Upon first spotting the hellbeast above, Raven had known instantly that this gigantic manifestation of Shadow’s malice could only be fought with magic; his makeshift club could be of no effect against a beast the size of a castle.

This was Valadrakul’s fight, then. Elani was fallen, and her skills had never lain in the area of combat, in any case.

“An I can serve,” Raven called, “you need but speak!”

Valadrakul ignored him-and quite rightly.

A woman screamed, and Raven heard running feet. For his own part, he bethought him that a cautious retreat might be advised, lest he be struck down by the monster’s struggles, all unintended. He began pacing slowly back, away from the wizard and the arena.

The first spell was launched, to no effect, but that troubled Raven not a whit; Valadrakul was but trying out his foe, using against it the spell that had sufficed to destroy the lesser beasts. Raven had seen wizards do the same upon many a previous occasion.

Debris was falling freely now, leaves and branches; Raven retreated farther. He judged that the monster was free of obstructions, and stared upward, trying to determine why it did not fall, in all its fury, upon those below.

Men were shouting-undoubtedly the odious Dibbs and his underlings, but Raven spared no glance for such as they.

The beast, he could see, was gripping the great trees with its claws, holding itself aloft as it studied what lay below. It could see the sky-ship, but surely knew not what it might be. Likewise could it see Valadrakul; did it know him for what he was? If so, it might strike him down before another spell could be cast.

Raven hesitated. Valadrakul was too intrigued in his magicks to move of his own choice; should one then try to pull him thence, out from beneath his foe, ere disaster might arrive? An it might disrupt a casting, yet would it save the wizard to fight again.

Ere he could decide, another spell went up-no mere bolt like the last, but a torrent of glowing force, orange and gray, smoke and fire bound into one. It leapt up from the wizard’s hands and into the beast’s gaping maw.

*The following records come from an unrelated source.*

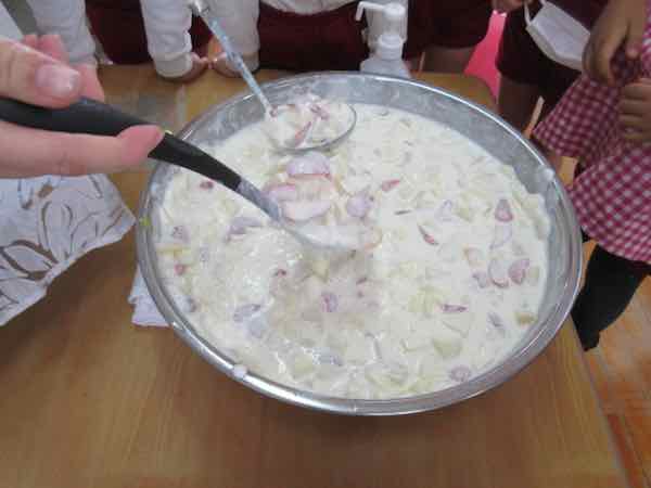 一人ずつ、果物を切ってヨーグルトと混ぜて作ったのですが
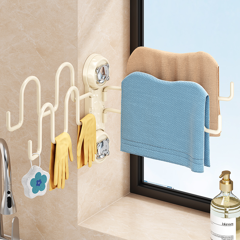 吸盘旋转抹布架厨房壁挂多杆沥水架置物架毛巾海绵挂架多功能挂杆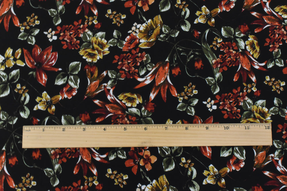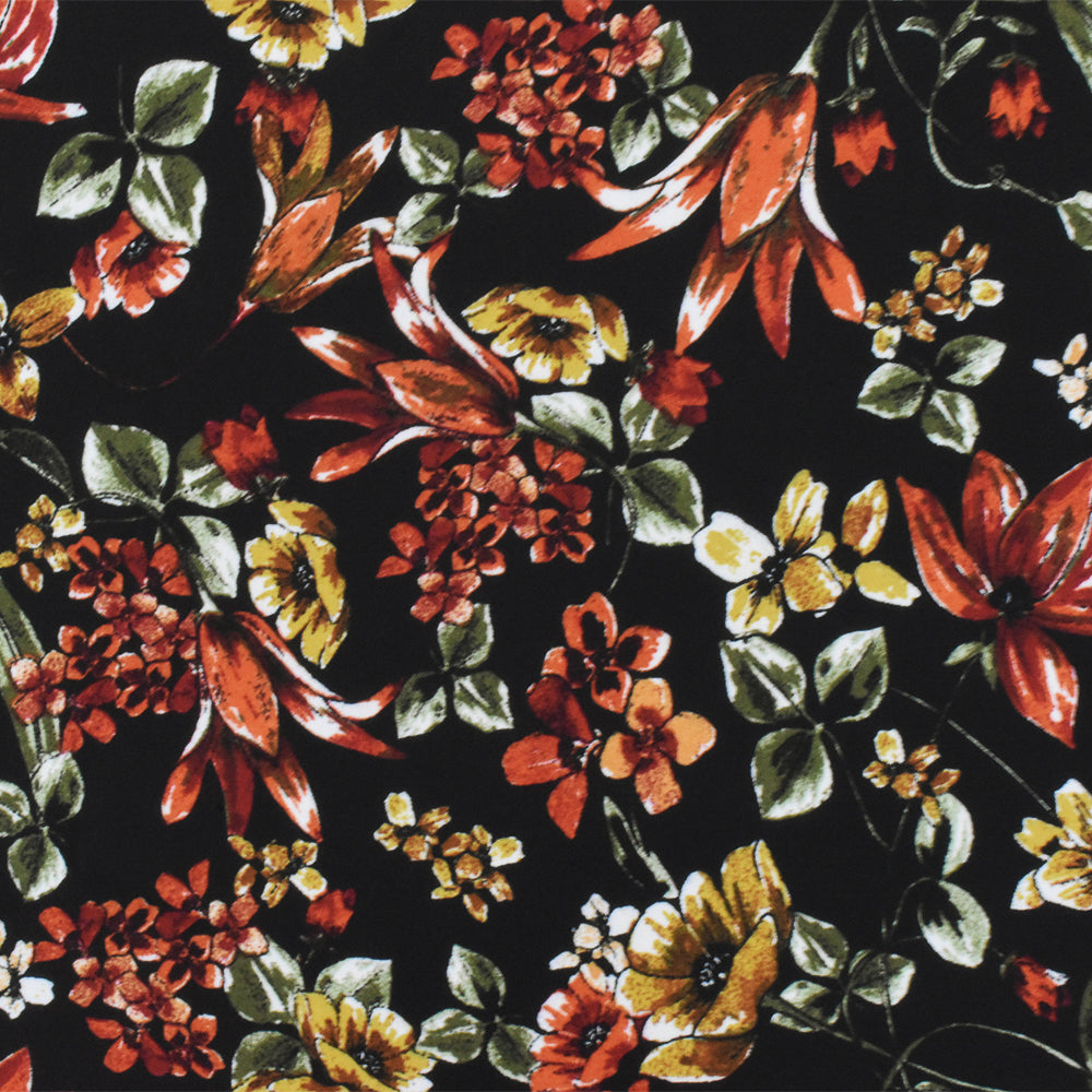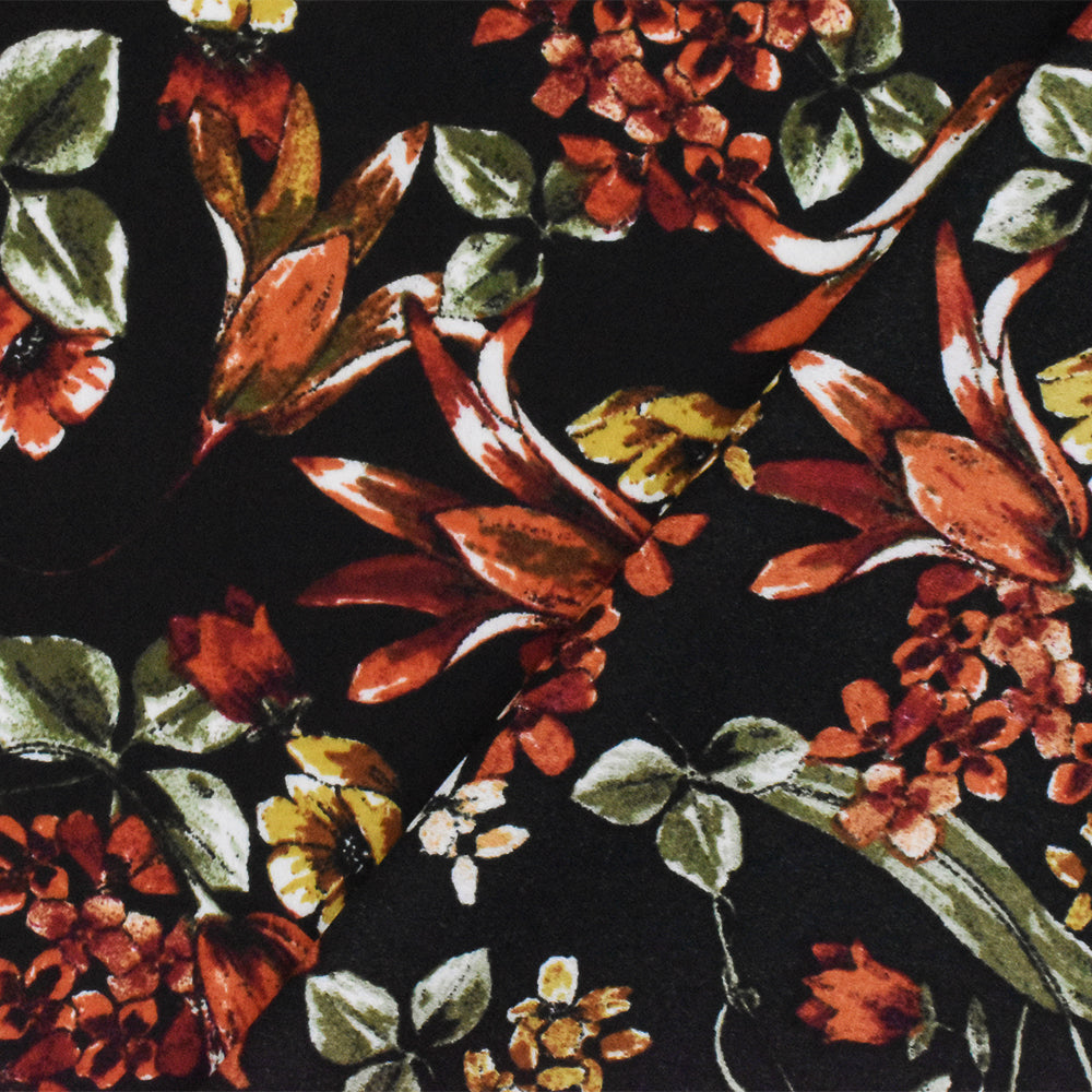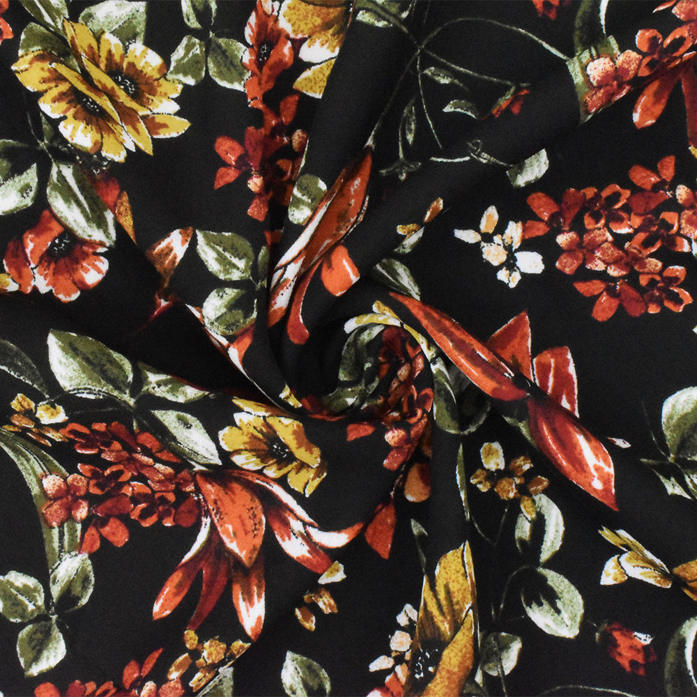 Black-Orange-Multi Polyester Floral Printed Momie Crepe Georgette Woven Fabric

The thing, in anticipation of the attack, had released its hold upon the trees, had drawn in its claws and begun to fold its great wings.

And then all happened with such speed that Raven could not follow. Valadrakul’s fire caught at the inside of the monster’s throat, and its head seemed to be burnt out from within, the glow of the flames visible for an instant through its crystalline eyes; smoke and fire billowed forth, obscuring all; and the creature fell.

Sound and wind forced Raven back; he flung up his arms to protect his face, and thus did not see the actual impact. The rush of air knocked him back against a tree; his head struck hard against the wood, and for a moment his thoughts were scattered.

When he could see again, and understand what he saw, the spaceship was gone from his sight. The clearing, too, was gone. Valadrakul was gone, and Colonel Carson’s remains, and poor Elani’s. The demented Earthman, Ted Deranian, had vanished as well.

And in the place of all of them was only a great black heap.

It needed a moment ere Raven understood that that heap was the remains of the fallen bat creature.

And that Ted Deranian and Valadrakul lay somewhere beneath it.